If anyone has any other questions please let me know. I left KBF's post up for explanation, however any further posts by him will be deleted and all further open proxy's he wants to use will be IP banned as well.


----------



## TomBoerwinkle#1 (Jul 31, 2002)

I would just like to add to this that BCH did not take this to his "superiors."

BCH is an administrator, along with trubluefan, therifleman, Retrodreams, Gym Rat and me. We are all equal partners. BCH has no superiors.

And for the record, I agree with BCH's handling of the situation 100%.

I'm sorry you guys lost an active poster, but as you can see, BCH gave him every opportunity. All he had to do was admit the post was wrong and acknowledge that he has read and understands our guidelines.

He refused to do so.


----------



## son of oakley (Dec 24, 2003)

Free KBF

He's a son of a *****
but he's OUR son of a *****.

Viva la Revalution'!


----------



## HKF (Dec 10, 2002)

Whoa boy. Rashidi, those were the days, fighting with him over the merits of Layden. 
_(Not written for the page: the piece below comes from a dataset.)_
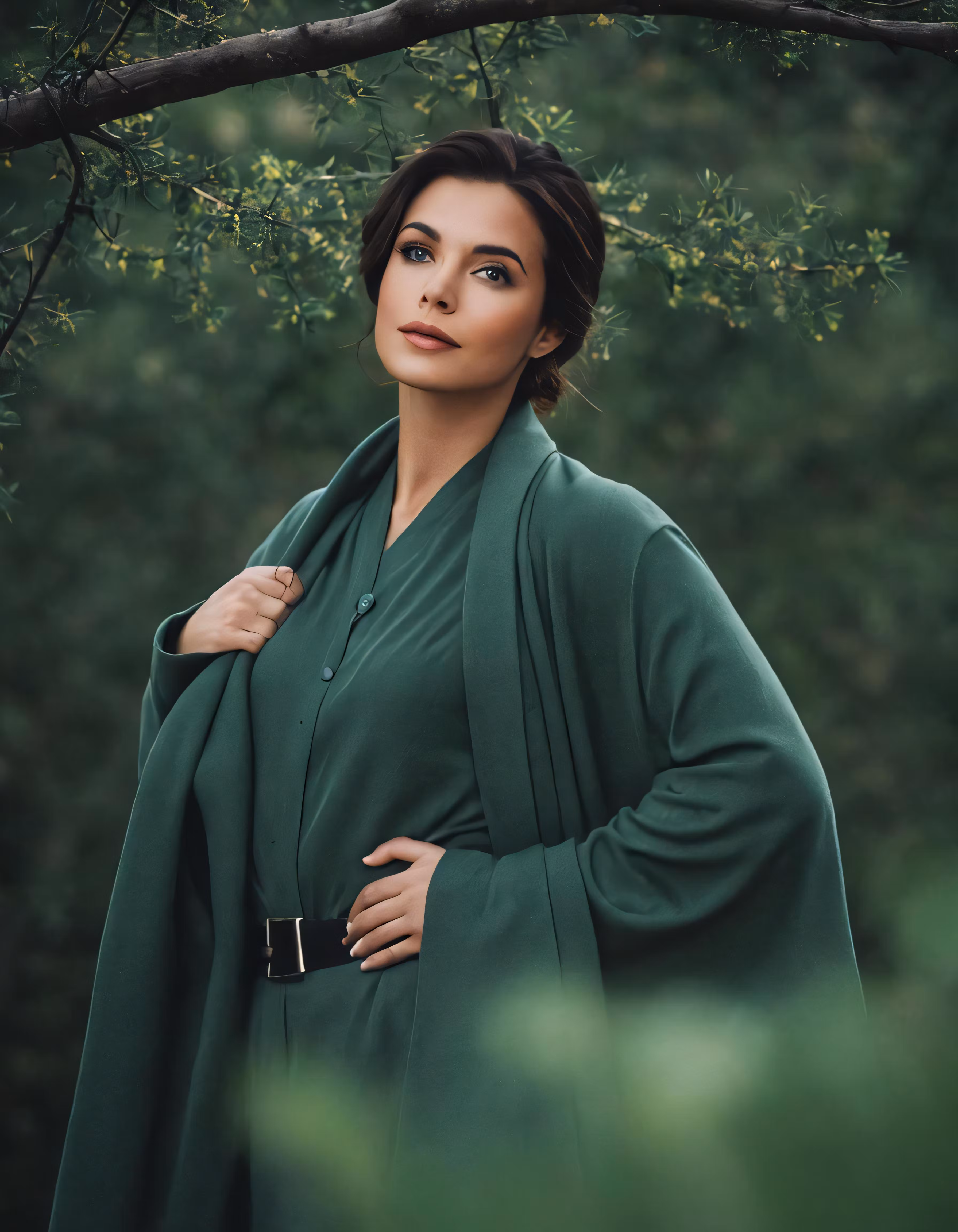 High resolution picture, free to use, woman in green wearing black shirt and green cloak

He loved Howard Eisley though. :no:


----------



## truth (Jul 16, 2002)

Dam,no more KBF and no more Rashidi....

There goes the voice of insanity....

I am shocked KBF made it this long...The best thing about him,was as aggressive and ornery as he was,his posts were never accurate.Any time I checked his "numbers" they were always off..I think that is why he was as insane as he is.Hes a smart dude,but he is out there..
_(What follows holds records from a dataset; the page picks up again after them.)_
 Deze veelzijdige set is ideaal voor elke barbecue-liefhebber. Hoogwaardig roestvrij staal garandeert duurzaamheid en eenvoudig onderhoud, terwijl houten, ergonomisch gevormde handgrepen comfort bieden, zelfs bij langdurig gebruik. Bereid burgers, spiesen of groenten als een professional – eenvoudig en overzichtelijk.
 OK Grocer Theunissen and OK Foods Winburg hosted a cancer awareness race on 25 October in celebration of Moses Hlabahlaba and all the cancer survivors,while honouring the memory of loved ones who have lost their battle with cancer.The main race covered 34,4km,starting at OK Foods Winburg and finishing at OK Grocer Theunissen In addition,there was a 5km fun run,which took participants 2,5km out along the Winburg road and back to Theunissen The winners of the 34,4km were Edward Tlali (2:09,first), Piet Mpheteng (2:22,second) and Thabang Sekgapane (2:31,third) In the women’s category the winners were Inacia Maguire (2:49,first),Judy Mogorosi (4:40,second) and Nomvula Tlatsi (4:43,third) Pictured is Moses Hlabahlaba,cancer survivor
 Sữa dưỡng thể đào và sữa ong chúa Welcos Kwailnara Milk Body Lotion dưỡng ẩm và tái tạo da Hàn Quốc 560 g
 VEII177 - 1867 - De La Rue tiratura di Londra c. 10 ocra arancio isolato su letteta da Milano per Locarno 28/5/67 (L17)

Rashidi was just a basketball Geek.

Both had a very tough time acknowkedging when they were off base or out of line.I think Rashidi was just clueless as where KBF intentionally pushed things...

Cant we just let them back and lock them in the NY forum and throw away the key??


----------



## butr (Mar 23, 2004)

KBF was a little over the edge and aggressive. But I will say that this board borders on insane political correctness sometimes, irrespective of the incident in question.


----------



## Tellthewholetruth (Aug 10, 2004)

:naughty: We don't let banned people post -- MJG


----------



## Perennial All Star (Aug 13, 2003)

Man you said "I'm outta this place...", stop reutning to prove your point, only to get banned.


----------



## Yao Mania (Aug 4, 2003)

Well you'll alway remain on the Yi Jianlian fan club KBF :wave:


----------



## TomBoerwinkle#1 (Jul 31, 2002)

For KBF:

ESPN Boards

JustBBall

RealGM


----------



## BCH (Jun 25, 2002)

> Originally posted by <b>TomBoerwinkle#1</b>!
> For KBF:
> 
> ESPN Boards
> ...


I just came here to do the same thing. Great minds think alike.


----------



## BCH (Jun 25, 2002)

Rashidi should not have been permanently banned.

He has been reinstated.


----------